I Thought it Would be the Chickens

We narrowed our choice of schools for first grade down to two – our public school or the up-to-8th-grade Montessori school in town. We’re huge Montessori fans, finding that it provides a beautiful trellis for RR to send her shoots up and wind her roots around. While I’m not deeply knowledgeable about Montessori in the elementary years, I know my child, at least right now, and, for now, the method fits her.

But. I’m a tremendous fan of public schools and public school teachers and, after all, there is no tuition for public school. So off we went for a tour.

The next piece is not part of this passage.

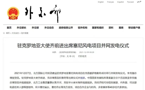 2021年12月7日,环球(中国)体育官方网站北方公司所属北方国际投资、建设和运营的塞尼156MW风电项目在克罗地亚首都萨格勒布隆重举行并网发电仪式。李克强总理致贺信。克罗地亚总理安德烈·普连科维奇,中国驻克罗地亚大使齐前进出席仪式并致辞。中国国家发展和改革委员会副主任宁吉喆宣读李克强总理贺信并视频致辞,环球(中国)体育官方网站董事长焦开河、克驻华大使米海林视频致辞。 中华人民共和国外交部报道 普连科维奇总理在致辞中表示,感谢李克强总理发来贺信,他与中国领导人一直非常重视塞尼风电项目投资与建设。祝贺项目克服疫情与地震等影响,成功并网发电。增加清洁可再生能源、绿色电力对克乃至欧洲都很重要,克政府的重要战略和目标之一就是低碳发展和增加清洁能源供应。塞尼风电项目占克总发电量将达3.5%,对克实现2022年可再生能源比例30%目标具有很大帮助。此次投资使北方国际成为在克最大的清洁能源投资企业。非常欢迎更多中国企业扩大对克投资。 宁吉喆宣读李克强总理贺信并视频致辞时表示,2017年11月第六次中国—中东欧国家领导人会晤期间,在李克强总理和普连科维奇总理等中东欧16国领导人的共同见证下,塞尼项目签署了协议。项目既是中国坚定践行绿色发展理念的具体体现,也是中国深化与克罗地亚、与中东欧国家务实合作的生动实践。希望中克两国政府部门,企业等有关各方共同努力、相互配合,运营好塞尼项目,打造出中欧绿色合作的样板,带动两国务实合作持续深入发展,造福两国人民。 焦开河在致辞时表示,在塞尼项目投入运营之际,李克强总理专门致信祝贺。作为塞尼项目的投资方、建设方、运营方,我们备受鼓舞,深感自豪!未来,环球(中国)体育官方网站将继续深入贯彻落实习近平总书记重要指示批示精神和李克强总理贺信重要要求,以高标准、可持续、惠民生为目标,与克方合作伙伴坦诚沟通、携手并进,进一步推动绿色能源建设,努力打造更多的“一带一路”标志性、引领性、示范性项目,为巩固中克战略合作伙伴关系、推进中克从经贸领域到全方位合作贡献积极力量。 齐前进祝贺塞尼风电项目顺利完工和成功并网发电。他表示,塞尼风电站项目并网发电是中克两国领导人亲自关注和推动的成果。作为迄今最大的中国在克投资合作项目,塞尼风电项目是中克和中欧绿色合作的典范,对克提高清洁能源生产消费发挥着重要作用。项目建设过程中为当地培养了许多工程、技术和管理人才,带动了当地企业发展,增加了就业和税收,促进了当地经济社会发展,充分体现了中国对外经贸合作与“一带一路”倡议秉持的互利共赢、共同发展的理念,也是中国积极倡导的绿色低碳发展合作的典范。 塞尼项目位于克罗地亚中部亚得利亚海沿岸,建设总投资1.79亿欧元,总装机容量156MW,采用39台4MW风力发电机组设备,风场面积达42.8平方公里。项目正式运营后,预计每年平均发电超3000小时,贡献约5.3亿度绿色电力,可减少二氧化碳排放约46万吨,将为克罗地亚促进能源转型、发展绿色经济提供强劲助力,贡献了“中国智慧”“中国方案”。 来源/中华人民共和国外交部、综合有关报道 |

Depending on the angle, I could probably list dozens of pros and cons for RR about the public elementary. This is one of those touchy things, right? Like how you choose to diaper and feed an infant. The reasonable folks live and let live (or at least keep their gentle judging to themselves) but the important part is that it’s right for your family. After the tour and a lot of soul searching on our end it just isn’t right. Except the cost. The cost is right. I love my paycheck. I wish we could see each other more often.

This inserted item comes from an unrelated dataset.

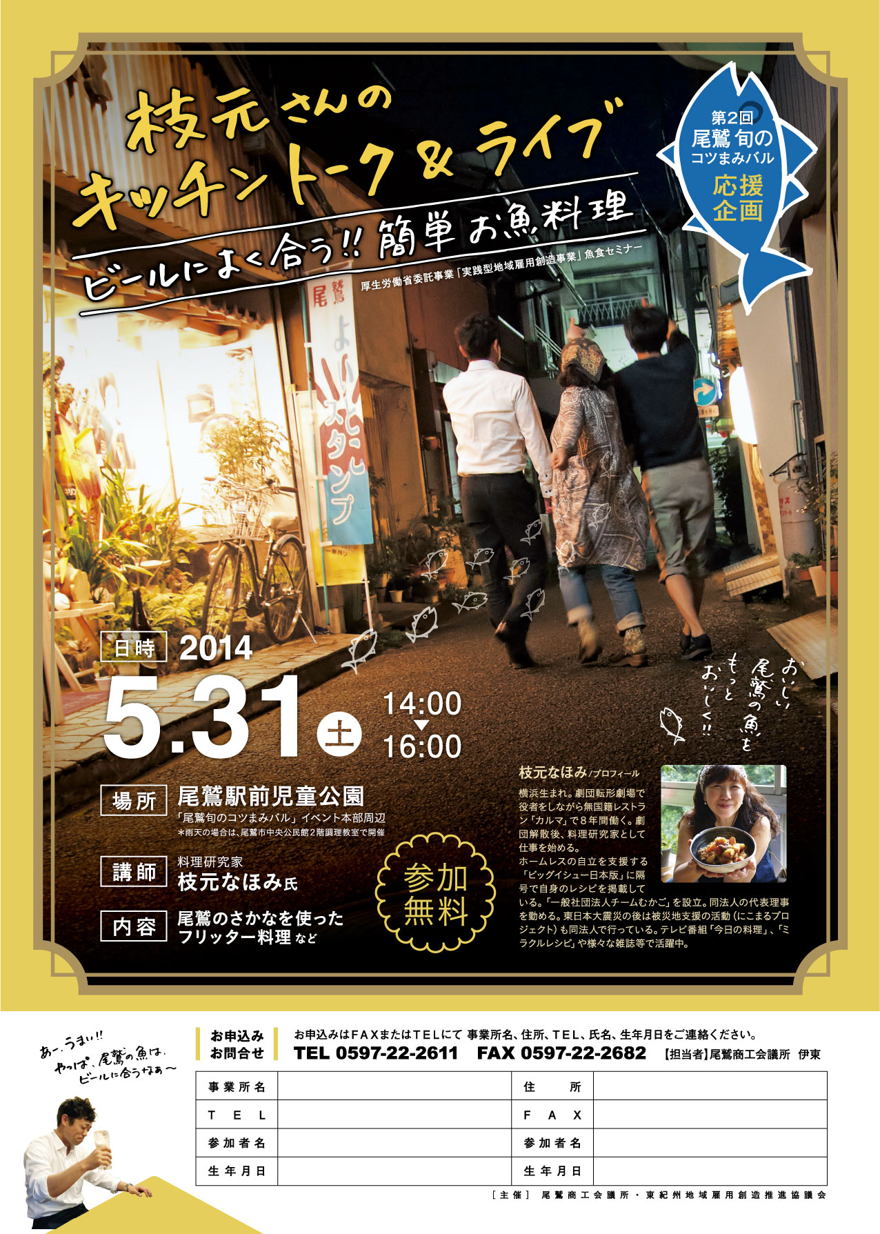 第2回尾鷲旬のコツまみバルイベント応援企画といたしまして、料理研究家枝元なほみさんによるキッチントーク&ライブを行います!!

Here’s what I think RR will take from continuing in Montessori. She will be able to continuing learning the way she has begun. Her pace will be individual to her. She will work in a garden or feed the chickens as part of her day. She will learn to be a mediator. She will have an art studio and music studio. As she gets older, she and her peers will plan their own field trips related to their work, make their own reservations, arrange their own transportation. She will bake and deliver food to retirement communities, do community service, participate in city council meetings.

I thought it would be the chickens that won me over. It wasn’t. It was the capable children running a store, tending a row, baking bread. It was the first grade classroom learning geometry and building complex paper boxes. It was the little girl who muttered to herself I want to draw now… what will I draw? and then thumbed through a tremendous pile of how to books. It was the Head of School saying we let them learn the hard lessons…we don’t step in to save them. It was the little boy who was having a moment and when the only visible adult briefly removed him to gather his composure it was inconsequential to the rest of the room. No one stopped working. No one paid any attention. No one leaned over to giggle and point with another child.

That’s where I’m sending my paycheck. You know those fairy tales where the price is always your first born child? Well, turns out in a way that’s true. It also turns out it’s a price we’re willing to pay.


Things I Didn’t Expect To Say

Whose pee is that?

And honestly not know.

Because there are multiple culprits.

And I’ve said it more than once today.